LE CIMETIÈRE DU MÉMORIAL DES NATIONS UNIES À BUSAN (CORÉE DU SUD)
par le docteur Jean-Marie
Thiébaud
fondateur de l'Académie Internationale de Généalogie
PRÉSENTATION GÉNÉRALE
Dans le quartier de Daeyon-dong (1) du port de
Busan (à l'extrémité méridionale de la péninsule de Corée), le cimetière
du Mémorial des Nations Unies (appelé aussi UNMCK – United Nations
Memorial Cemetery in Korea) s'étend sur une superficie de 14,39 ha.
Il a été créé le 18 janvier 1951 afin de
regrouper les corps des soldats onusiens déjà inhumés à Daegu, Daejon,
Inchon, Kaesong, Masan et Miryang depuis le début de la guerre de Corée.

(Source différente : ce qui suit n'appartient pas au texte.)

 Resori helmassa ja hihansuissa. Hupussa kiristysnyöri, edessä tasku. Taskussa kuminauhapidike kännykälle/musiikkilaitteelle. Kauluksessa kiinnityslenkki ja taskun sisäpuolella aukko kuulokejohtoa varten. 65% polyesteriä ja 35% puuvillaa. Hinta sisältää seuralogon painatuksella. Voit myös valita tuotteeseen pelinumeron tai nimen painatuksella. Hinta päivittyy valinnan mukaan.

Le 17 novembre 1955, l'Assemblée Nationale de la République
de Corée adopta une résolution exprimant la gratitude du pays aux troupes
de l'ONU qui ont payé un lourd tribut en hommes de
1950 à 1953. Ce même texte recommandait au gouvernement de demander à
l'Assemblée Générale des Nations Unies la création en Corée d'un cimetière
pour les soldats tués au combat contre les forces nord-coréennes et
chinoises. L'Assemblée Générale des Nations Unies adopta une résolution
dans ce sens le 15 décembre 1955. Un accord fut signé entre l'O.N.U. et la
Corée du Sud le 6 novembre 1959 et l'O.N.U. assuma la gestion du cimetière
à compter du 31 mars 1960 tandis que la Corée cédait la concession à
perpétuité d'un terrain libre de toutes charges.

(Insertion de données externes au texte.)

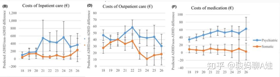其中瑞典的报告中看到,诊断为ADHD儿童(蓝色线),预测在18-26岁时住院(表B)、门诊(表D)、药物(表F)的费用都比一般躯体症状儿童(橘色)就医各种费用高。且药物的费用有逐年增加的趋势。

L'entrée monumentale du cimetière, fermée par une
grille de fer forgé, a été dessinée par Kim Chung-up. La toiture blanche
aux courbes concaves de type asiatique symbolise le ciel. Quant aux colonnes
bleues qui la soutiennent, elles représentent la vie qui monte du sol vers
le ciel. De nuit, des projecteurs animent cet ensemble d'une rare harmonie,
financé par la municipalité de Pusan.
Le musée du Mémorial aligne sur ses cimaises, pays
par pays, des photos des hommes et du matériel militaire (avions, bateaux,
blindés, pièces d'artillerie, les insignes de leurs unités, etc.). Sur
l'emplacement réservé à la France, on reconnaît le lieutenant-colonel de
Germigny (2) abaissant le drapeau de son régiment devant le ministre de la
Défense de la Corée du Sud. Des photographies voisines montrent des
officiers de liaison français à bord d'une jeep et des prises de vues aériennes
de sites stratégiques.
Un Mémorial, construit dans la partie basse du
cimetière, a été créé en 1978. Il contient les noms des 37 895
membres des forces de l'O.N.U. (soldats de Corée du Sud exceptés) tombés
de 1950 à 1953 pendant la guerre de Corée.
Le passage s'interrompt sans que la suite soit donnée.